Unduh Aplikasi

Kontrak Habis Sejak 2017, Pelindo Masih Kelola Pelabuhan Jetty Meulaboh

Kontrak Habis Sejak 2017, Pelindo Masih Kelola Pelabuhan Jetty Meulaboh
Aktivitas Jetty Meulaboh. Foto: AJNN.Net/Darmansyah Muda

ACEH BARAT - Kontrak pengelolaan Pelabuhan Jetty Meulaboh antara Pemerintah Kabupaten Aceh Barat dengan PT Pelabuhan Indonesia (Pelindo) telah berakhir. Anehnya Pelindo hingga saat ini masih mengelola pelabuhan yang berada di Suak Indrapuri.

Dinas Perhubungan Aceh Barat membenarkan kalau hingga kini pelabuhan itu masih dikelola oleh Pelindo. Alasannya karena pihaknya tidak mau mengambil resiko terhentinya aktivitas pelabuhan tersebut.
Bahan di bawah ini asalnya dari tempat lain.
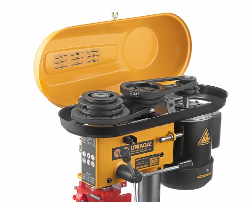 ✅ Jedną z pięciu prędkości obrotowych wybieramy poprzez przełożenie paska na kompozytowych kołach pasowych, który znajdziemy po uniesieniu górnej pokrywy.
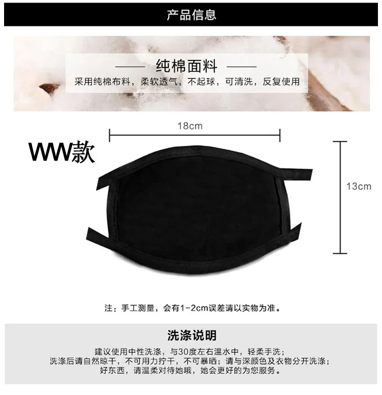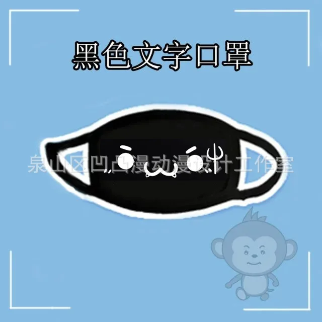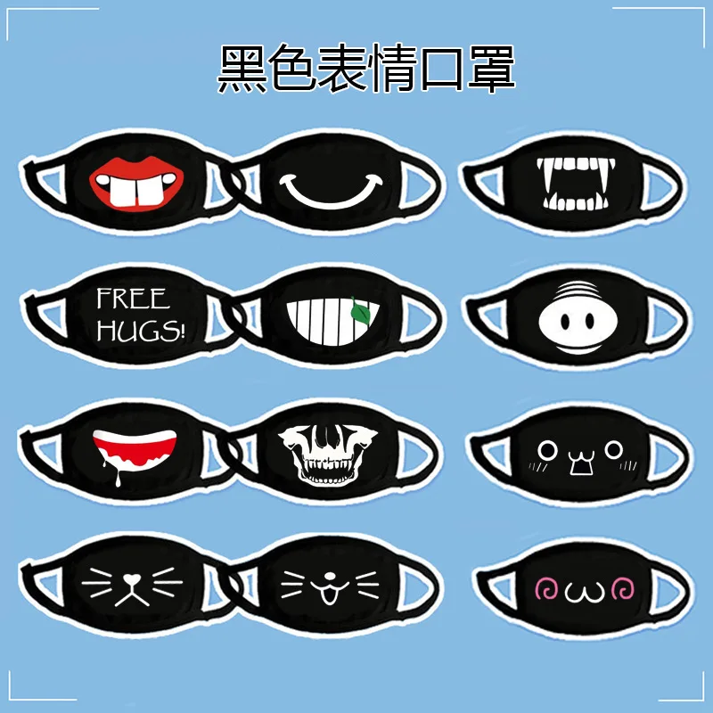 Мультяшная модная многоразовая маска для рта из хлопчатобумажной ткани с мультипликационным аниме, маска для лица против пыли, моющаяся черная маска на лицо для взрослых

Kepala Disbub Aceh Barat, Tarfin mengatakan kalau pihaknya menghentikan aktivitas pelabuhan itu, maka sektor perekonomian masyarakat juga akan terhenti.

"Memang dari Pendapatan Asli Daerah kita tidak ada, tapi ada pertimbangan lain yang kita kwatirkan kalau kita hentikan terutama ekonomi masyarakat sekitar pelabuhan terhenti," kata Tarfin.
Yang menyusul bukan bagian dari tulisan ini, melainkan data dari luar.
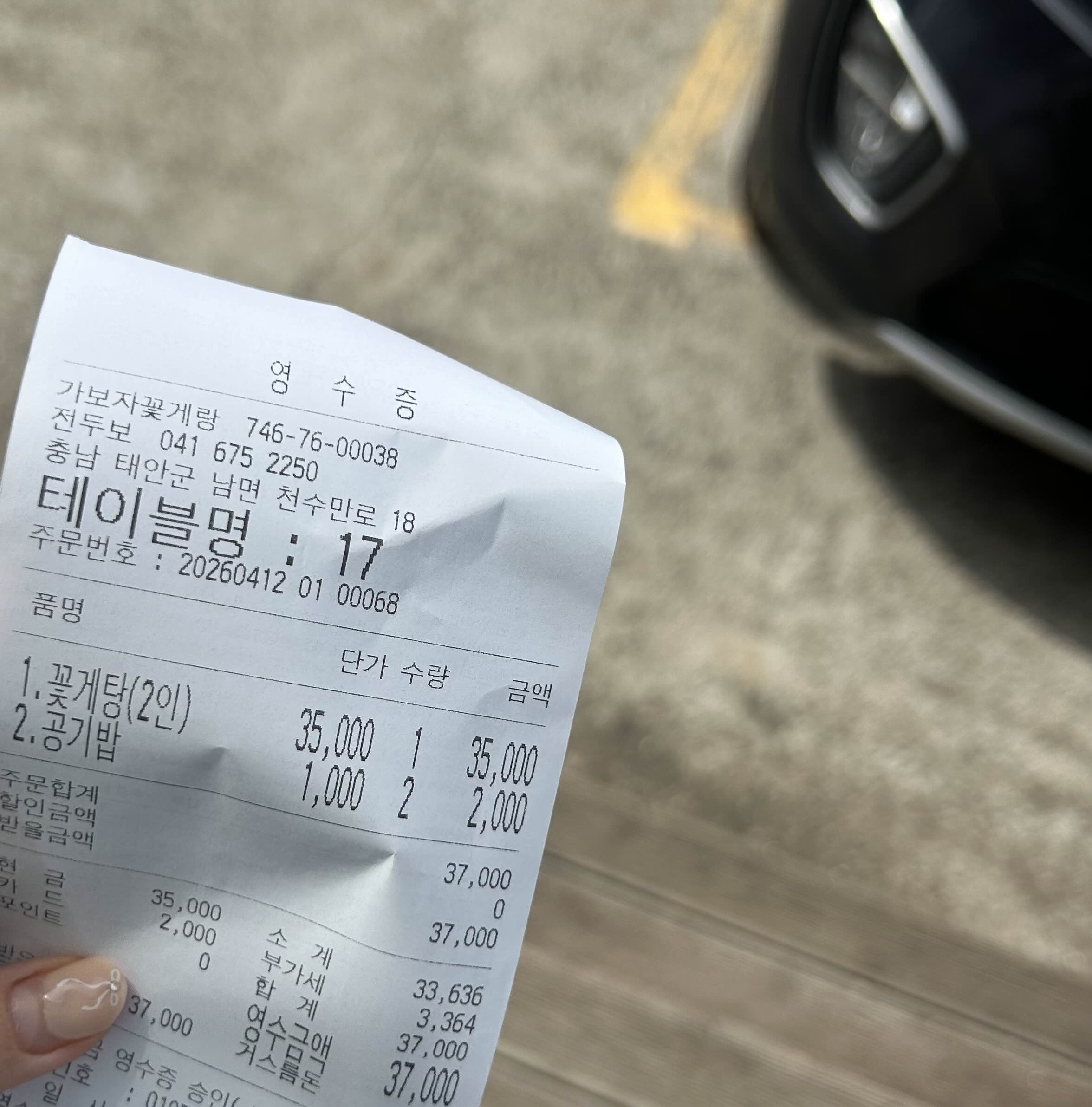 그렇게 해서 총 37000원이지만 32800원에 아주 맛도리 꽃게탕 접수 완료~!

Saat ditanya lebih lanjut kenapa tidak diambil alih pengelolaannya oleh pemkab, ia mengaku kalau hingga saat ini belum ada perintah langsung dari Bupati Aceh Barat untuk mengambil alih pengelolaan.

Dikatakannya, jika pun dilakukan pengambilalihan pengelolaan, maka pihaknya harus memulai kembali dari nol dari semua sisi kepelabuhanan tersebut.
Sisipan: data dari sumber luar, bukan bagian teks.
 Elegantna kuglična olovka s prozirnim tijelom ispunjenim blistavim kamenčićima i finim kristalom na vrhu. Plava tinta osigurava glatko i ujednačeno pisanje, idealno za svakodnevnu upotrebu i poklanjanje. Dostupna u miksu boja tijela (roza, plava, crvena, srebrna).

"Untuk pengambilalihan belum ada instruksi dari pimpinan. Beliau (bupati) meminta untuk menyelesaikan masalah ini secara baik-baik," ungkapnya.

Ditambahkan Tarfin, kalau saat ini pihaknya bersama dengan PT Pelindo sedang merumuskan kontrak perjanjian baru pascamasa kontrak usai sekitar 2017 lalu.

Akan tetapi, sebutnya, dalam sistem kerjasama tersebut sedikit mengalami kendala lantaran pihak Pelindo tidak bisa lagi menjalin kerjasama dengan pemerintahan, namun harus Business to Business.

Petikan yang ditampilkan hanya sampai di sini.